As a control, CoNi-LDHs and CoMn-LDHs samples were prepared by the same synthesis process as CoNiMn-LDHs, but the addition amount of Ni(NO3)2·6H2O and MnCl2·4H2O was 160 mg, respectively. The experimental details are shown in Table 1. The calcination process was the same as CoNiMn-CLDHs. The products obtained were denoted as CoNi-CLDHs and CoMn-CLDHs, respectively.

2.4. Peroxidase-like Catalytic Activity and Steady-State Kinetics of CA-CoNiMn-CLDHs

The peroxidase mimetic activity of CA-CoNiMn-CLDHs was evaluated via the following typical colorimetric experiments: 400 μL of TMB (5 mM), 300 μL of CA-CoNiMn-CLDHs (0.5 mg/mL) and 300 μL of H2O2 (50 mM) were added into acetate buffer (pH 4.0, 0.2 M) and the total volume of colorimetric system was 3 mL. The mixture was maintained at ambient temperature for 20 min to obtain the oxidized TMB. The absorbance at 652 nm of colorimetric system was recorded by UV-Vis spectrophotometer.
In addition, the kinetic experiments were carried out to further evaluate the peroxide-like activity of CA-CoNiMn-CLDHs in the colorimetric system. The different concentrations of TMB (1–10 mM) and H2O2 (10–100 mM) were added to the colorimetric system, respectively. UV-Vis absorbance at 652 nm was recorded and the kinetics parameters (Km and Vmax) were obtained through the Lineweaver–Burk plots of the Michaelis–Menten equation.

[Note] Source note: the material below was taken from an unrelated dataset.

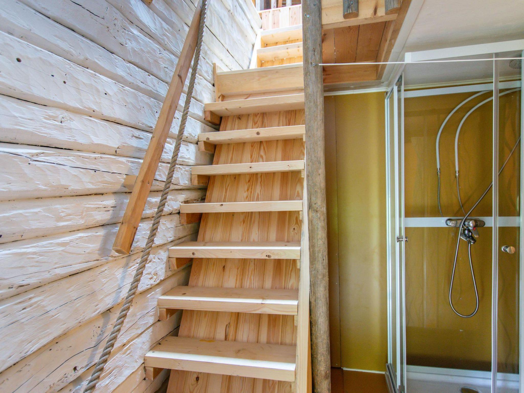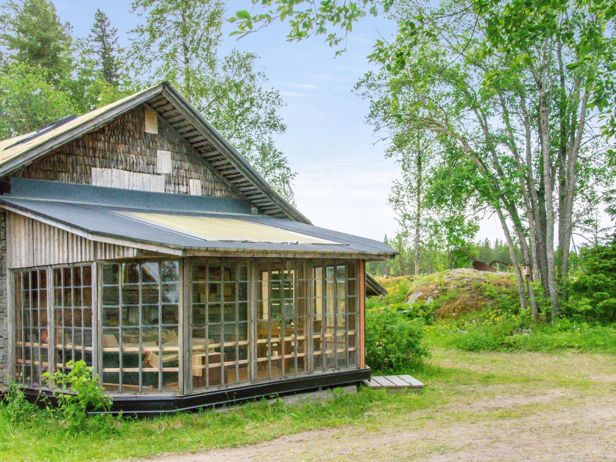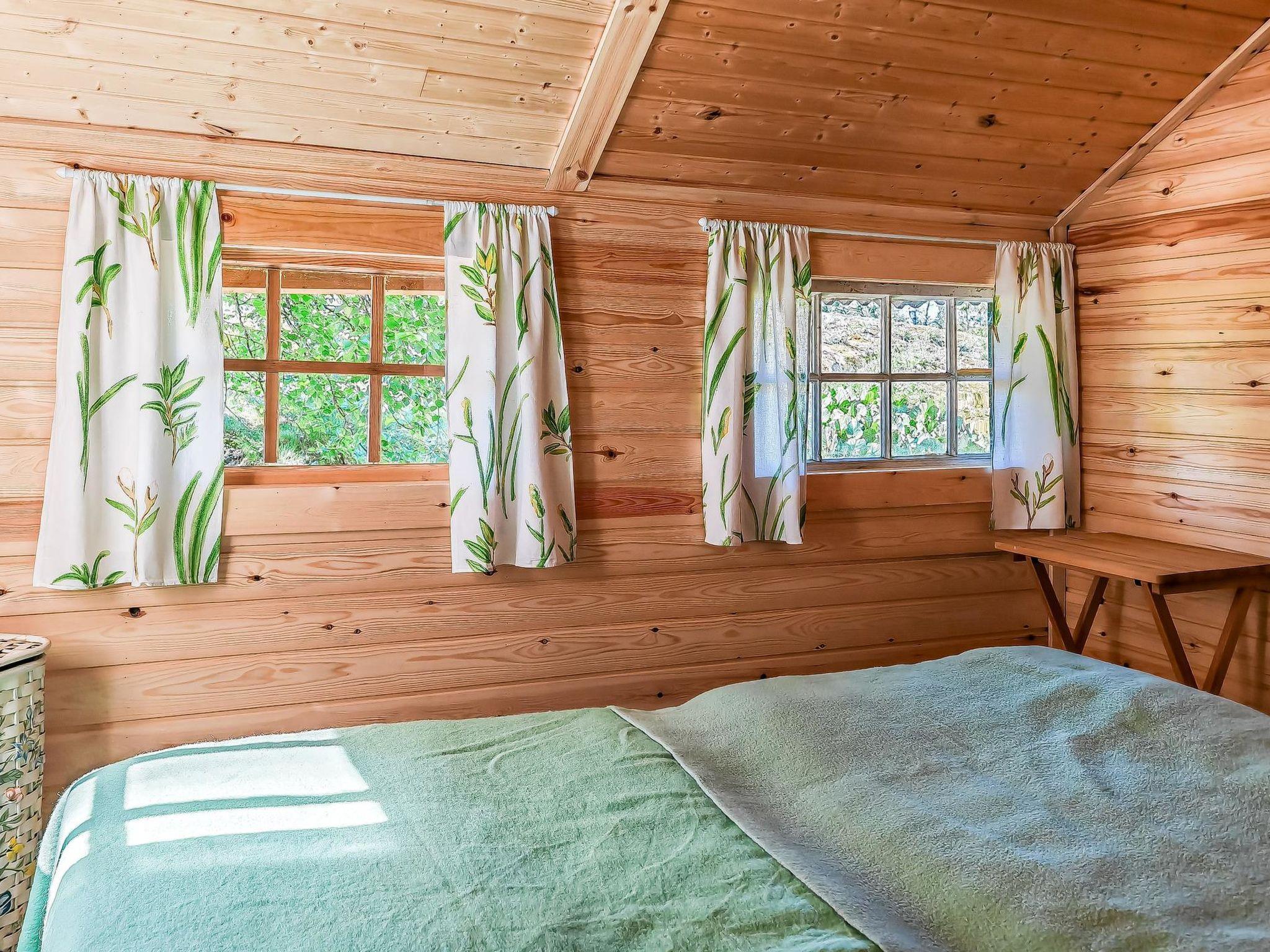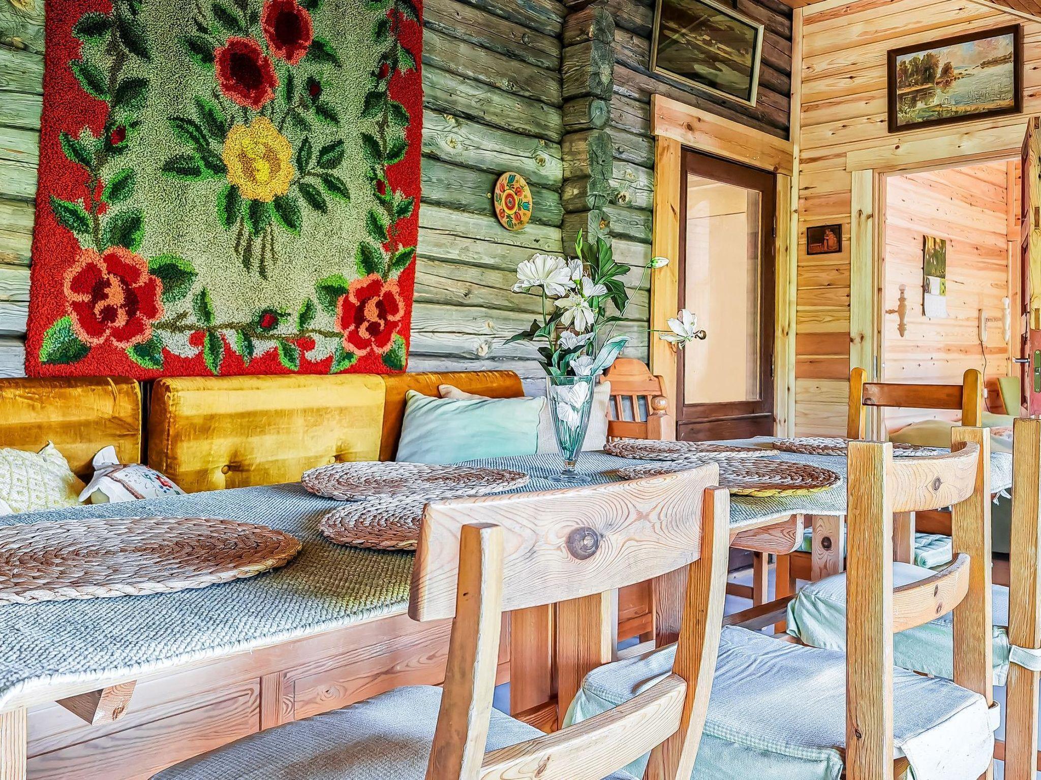 The wooden cabin features a dining hall and a living room/kitchen. There is one bedroom with a double bed, the bathroom has a WC and shower cubicle. The loft, accessed via steep, narrow ladder-like stairs, includes sofas and a double bed. On the upper level of the loft, there is a cozy sleeping area with three floor mattresses. The loft does not have heating. The cabin is also equipped with a large, glazed living area with space for lounging and dining.

2.5. Colorimetric Detection of Phenol

Based on the peroxidase-like activity of CA-CoNiMn-CLDHs, 4-AAP was used as the chromogenic substrate for colorimetric detection of phenol. The colorimetric experiments were performed as follows: 700 μL 4-AAP (10 mM), 150 μL H2O2 (50 mM), 150 μL CA-CoNiMn-CLDHs (0.5 mg/mL) and 900 μL phenol (5 mM) were added into 1.1 mL acetate buffer (pH 4.0, 0.2 M) and kept at room temperature for 20 min. The absorbance of the reaction solution at 525 nm was measured by the UV-Vis spectrophotometer.
To investigate the influences of reaction conditions on the chromogenic reaction, the effects of pH (3.0–8.0), temperature (25–55 °C), incubation time (5–30 min), 4-AAP concentration (1–15 mM), H2O2 concentration (10–150 mM), and CA-CoNiMn-CLDHs concentration (0.1–2.0 mg/mL) on the peroxidase-like activity of CA-CoNiMn-CLDHs were explored to obtain the optimal reaction conditions.
Under the optimal reaction conditions, the colorimetric platform for phenol was built. In detail, 700 μL 4-AAP (10 mM), 150 μL H2O2 (70 mM), 150 μL CA-CoNiMn-CLDHs (0.7 mg/mL) and 900 μL different concentrations of phenol were added into 1.1 mL acetate buffer (pH 5.0, 0.2 M). After incubation at ambient temperature for 20 min, the absorbance of the mixture at 525 nm was measured.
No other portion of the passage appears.